[ACTION ITEM]: Return exactly the lines of the records below, starting at the line that contains "MDGo's technology is" and ending at the line that contains "خبر في صورة", with both of those lines kept.

[MATERIAL SUPPLIED]:
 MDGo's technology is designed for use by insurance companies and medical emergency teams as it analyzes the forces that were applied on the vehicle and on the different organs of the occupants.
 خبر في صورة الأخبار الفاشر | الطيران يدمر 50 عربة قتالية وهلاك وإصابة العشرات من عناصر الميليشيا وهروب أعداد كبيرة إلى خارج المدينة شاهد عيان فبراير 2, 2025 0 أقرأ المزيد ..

==

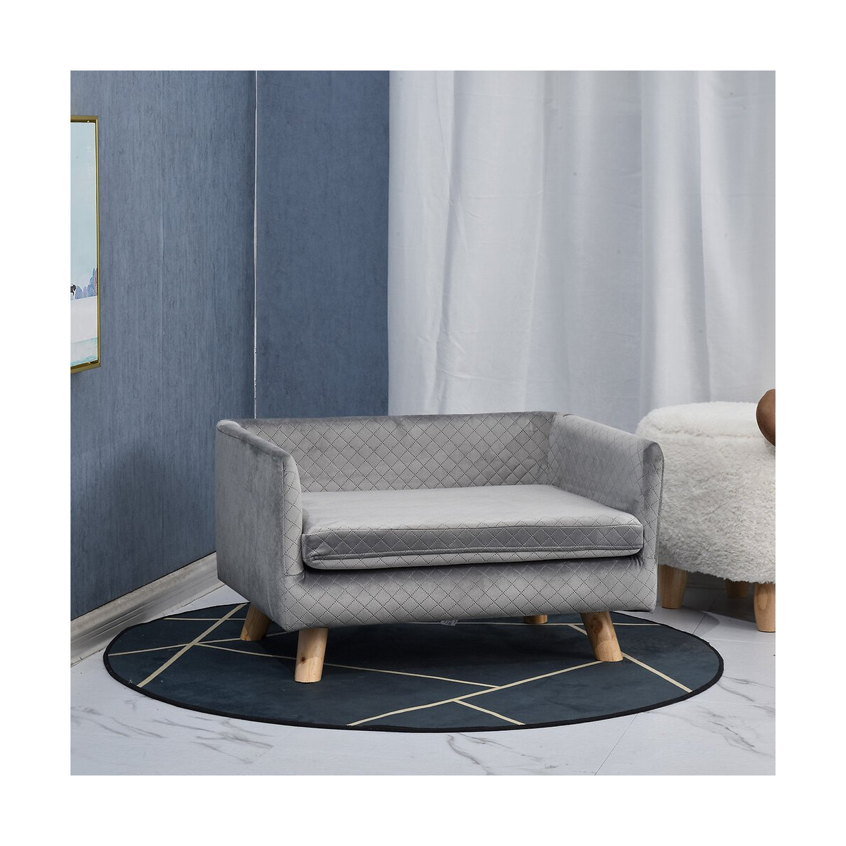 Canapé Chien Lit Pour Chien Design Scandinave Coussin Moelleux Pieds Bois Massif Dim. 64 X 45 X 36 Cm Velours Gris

==

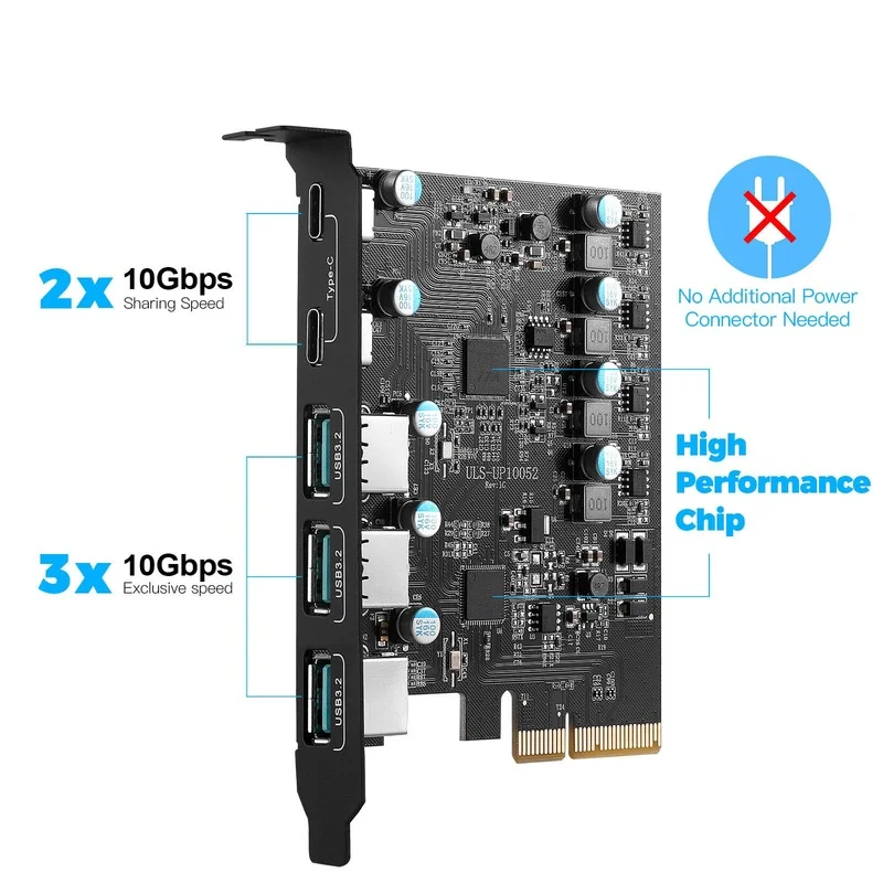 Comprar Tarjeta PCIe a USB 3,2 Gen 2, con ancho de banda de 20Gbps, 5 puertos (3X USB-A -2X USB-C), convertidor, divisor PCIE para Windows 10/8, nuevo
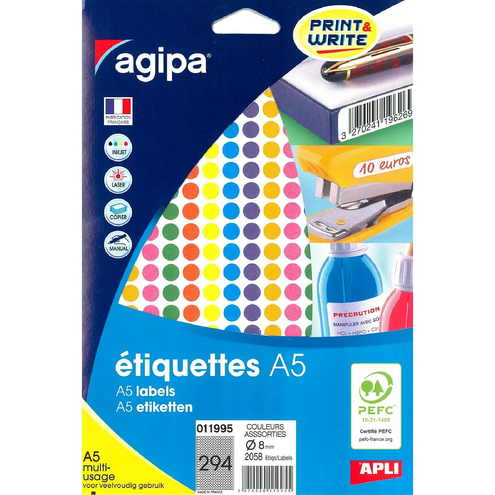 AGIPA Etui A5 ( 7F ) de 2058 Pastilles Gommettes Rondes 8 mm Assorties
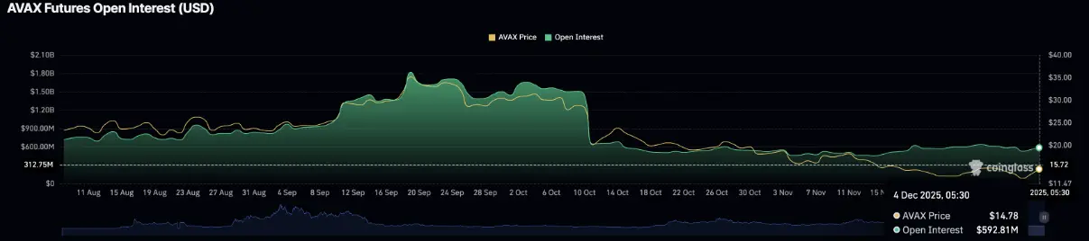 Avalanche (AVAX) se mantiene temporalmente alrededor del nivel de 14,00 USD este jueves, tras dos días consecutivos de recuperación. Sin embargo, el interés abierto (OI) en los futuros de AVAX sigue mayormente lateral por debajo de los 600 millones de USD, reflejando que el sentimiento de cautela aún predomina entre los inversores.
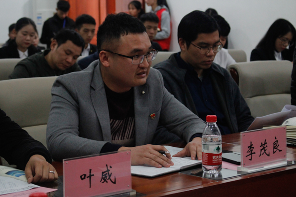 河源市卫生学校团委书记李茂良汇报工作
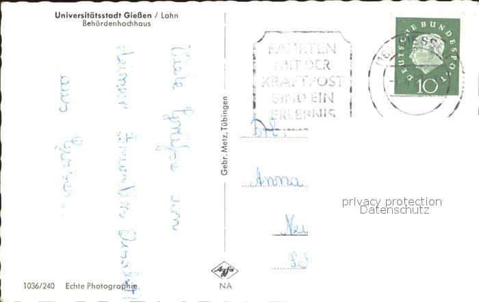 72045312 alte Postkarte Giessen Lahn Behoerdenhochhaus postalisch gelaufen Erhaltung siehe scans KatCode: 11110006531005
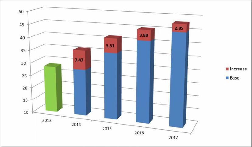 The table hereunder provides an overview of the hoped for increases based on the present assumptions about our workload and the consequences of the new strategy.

[TASK OUTPUT]:
 MDGo's technology is designed for use by insurance companies and medical emergency teams as it analyzes the forces that were applied on the vehicle and on the different organs of the occupants.
 خبر في صورة الأخبار الفاشر | الطيران يدمر 50 عربة قتالية وهلاك وإصابة العشرات من عناصر الميليشيا وهروب أعداد كبيرة إلى خارج المدينة شاهد عيان فبراير 2, 2025 0 أقرأ المزيد ..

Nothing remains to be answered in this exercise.